Tuesday, May 03, 2016

Will the computer someday replace the physician as diagnostician?

With the growing enthusiasm over Watson and other forms of high technology decision support has come the nutty idea that computers may eventually surpass clinicians in the diagnostic process. Taking that idea to its full extent, in such a world the role of doctors would be restricted. The need for clinicians would be gone though we would still need providers to navigate the EMR and coordinate care (essentially secretarial duties), do procedures and maintain a “human touch” in healthcare through education, counselling and other types of social interaction. Could this ever come to pass?

It has already been the subject of an experiment, the conditions of which gave the idea the best possible chance to work in two ways. First, the experiment was conducted in what is arguably one of the most mechanistic and formulaic areas of diagnostic medicine. Second, it's been going on, repeated time and time again with generation after generation of software “improvement,” for decades. I am referring, of course, to computerized interpretation of electrocardiograms. Despite being given every conceivable chance it has failed. From a recent review on the topic:

The use of digital computers for ECG processing was pioneered in the early 1960s by two immigrants to the US, Hubert Pipberger, who initiated a collaborative VA project to collect an ECG-independent Frank lead data base, and Cesar Caceres at NIH who selected for his ECAN program standard 12-lead ECGs processed as single leads. Ray Bonner in the early 1970s placed his IBM 5880 program in a cart to print ECGs with interpretation, and computer-ECG programs were developed by Telemed, Marquette, HP-Philips and Mortara. The “Common Standards for quantitative Electrocardiography (CSE)” directed by Jos Willems evaluated nine ECG programs and eight cardiologists in clinically-defined categories. The total accuracy by a representative “average” cardiologist (75.5%) was 5.8% higher than that of the average program (69.7, p less than 0.001).

Those results don't say much for the cardiologists either but that's a topic for another discussion.  In a green journal editorial in 2012 Dr. Joseph Alpert cited additional research from the 1970s:

In 1976, I was involved in one of the earliest evaluations of 5 competing computer programs that interpreted electrocardiograms (ECGs).1 At that time, computer interpretation of ECGs was just beginning to make its way into hospitals in the United States and abroad. Dr Arthur Hagan and I evaluated the accuracy of the different computer interpretations compared with our own experienced analysis of more than 100 ECGs with various well defined abnormalities.

The results were illuminating. The computer interpretations were often wrong, particularly with respect to arrhythmia identification. Furthermore, the different computer ECG readings from the 5 programs often were surprisingly different. The conclusion of this early study was that computers were not as accurate in reading ECGs when compared with experienced cardiologists. We suggested that all computer-read ECGs should be over-read by an experienced physician. In the end, this study showed that the overall accuracy score for the computer ECG programs was approximately 80%, and as already noted, the computer was particularly poor on arrhythmia interpretation.

Of note, Alpert cites no improvement in over 30 years.
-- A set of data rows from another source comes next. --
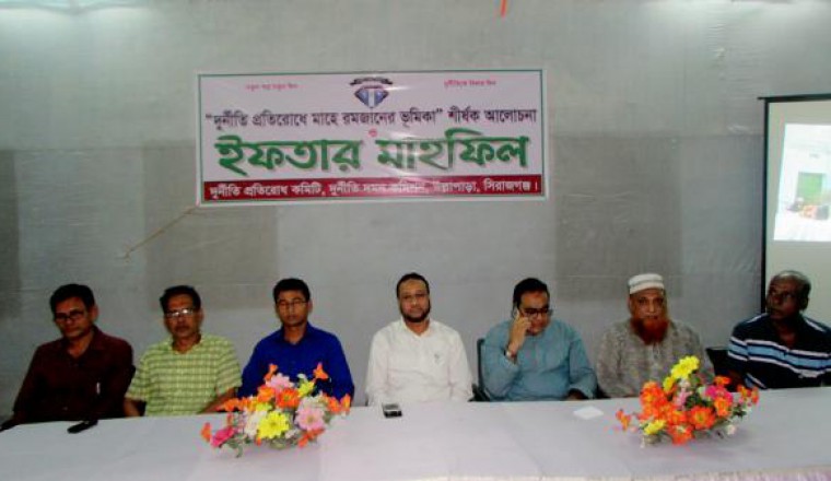 তানিম তূর্যঃ গতকাল ৩০ জুন বৃহস্পতিববার উল্লাপাড়া উপজেলা বিআরডিবি মিলনায়তনে দুর্নীতি প্রতিরোধ কমিটি, উল্লাপাড়া শাখার উদ্যেগে "দুর্নীতি প্রতিরোধে মাহে রমাজানের ভূমিকা" শীর্ষক আলোচনা ও ইফতার মাহফিল অনুষ্ঠিত হয়েছে। উক্ত অনুষ্ঠানে দুর্নীতি প্রতিরোধে মাহে রমাজানের ভূমিকা নিয়ে আলোচনায় উঠে এসে জঙ্গীবাদ, গুপ্ত হত্যা, টার্গেট কিলিং, বিভিন্ন প্রতিষ্ঠানে দুর্নীতি ও এর প্রতিকাররে উপায় এবং প্রশ্ন উত্তর পর্ব। উক্ত অনুষ্ঠিত প্রধান অতিথি হিসাবে উপস্থিত ছিলেন সিরাজগঞ্জ জেলার সন্মানিত্ব জেলা প্রশাসক জনাব বিল্লাল হোসেন, বিশেষ অতিথি হিসাবে উপস্থিত ছিলেন উল্লাপাড়া উপজেলা চেয়ারম্যান জনাব মারুফ-বিন-হাবিব, উপজেলা নির্বাহী কর্মকর্তা জনাব সন্দ্বীপ কুমার সরকার, উল্লাপাড়া পৌরসভা মেয়র জনাব এস.এম নজরুল ইসলাম, সহকারী কমিশনার(ভূমি), জনাব মোঃ আকরাম আলী, উল্লাপাড়া দুর্নীতি প্রতিরোধ কমিটির সভাপতি জনাব রেজাউন করিম পারভেজ ও অন্যন্য সদস্য, সাংবাদিক,আলেমসমাজ, মসজিদের ইমাম বিভিন্ন স্কুল কলেজ ও মাদ্রাসার শিক্ষক ও শিক্ষার্থী।
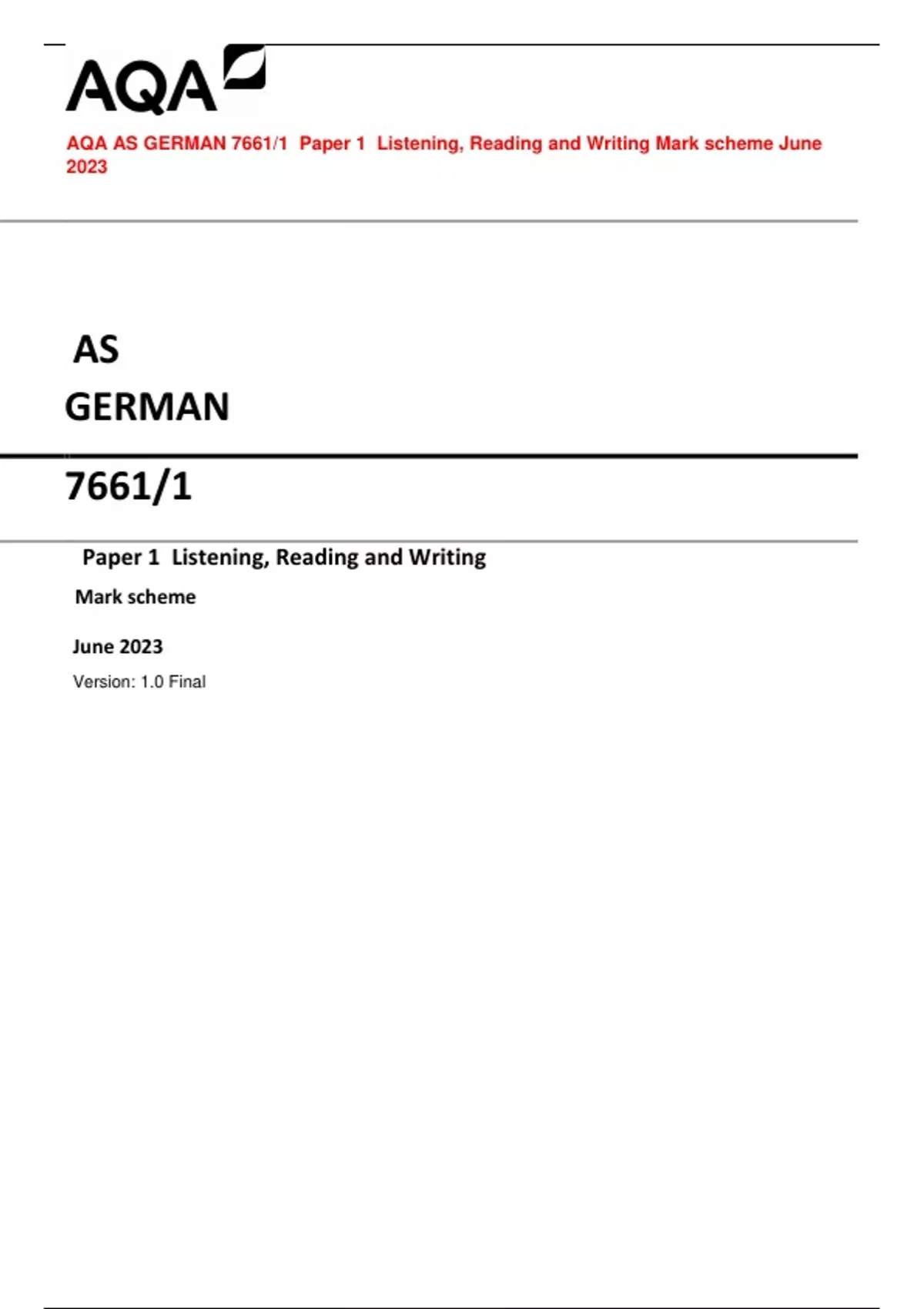 AQA AS GERMAN 7661/1 Paper 1 Listening, Reading and Writing Mark scheme June 2023
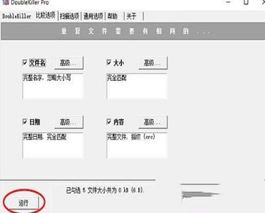 软件提供四种比较选项,分别是:文件名、大小、日期和内容
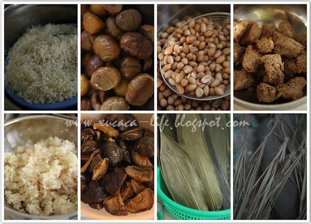 将一片粽叶,叶尾互叠,,曲折成漏斗型,舀入适量糯米,顺序放入肉块,眉豆,虾米,栗子和蘑菇,再铺上糯米,覆下粽叶,按下两侧,屈好余下的叶端,用咸水草绕扎好打结。以此类推,1公斤米,大约裹22个粽子。

Again from the editorial:

This is still the situation today with all ECGs with computer diagnoses over-read by an experienced physician, usually a cardiologist. Of note, when I am the over-reading cardiologist in our hospital, I still find that the computer reading of the ECG is incorrect approximately 20% of the time.

Because we often rely on the ECG to supply the critical data to guide decision making in very ill patients, this is unacceptable. And it hasn't improved in decades. These numbers were derived using artificial conventions. The results would certainly be even worse against more nuanced standards based on subtle ECG patterns.

Alpert suggests the reason for such poor results:

What is the reason that the most sophisticated computer ECG interpreting software makes so many mistakes? I think the answer lies in the remarkable and extensive capacity of the human brain to recognize visual patterns. This capacity is the reason that a person with minimal prior instruction can recognize a van Gogh painting without looking at the accompanying label. The distinctive style of van Gogh is easily recognized by the highly complex visual pattern recognition system of our central nervous system... Today, we apply this ability in a variety of areas, including athletic endeavors, police investigations, aesthetics, and many other venues, including the interpretation of ECGs.

Based on this explanation and the lack of progress over time it would appear unlikely that the computer will supplant the clinician in ECG interpretation let alone in other areas of diagnostic evaluation that are far more complex and less mechanistic.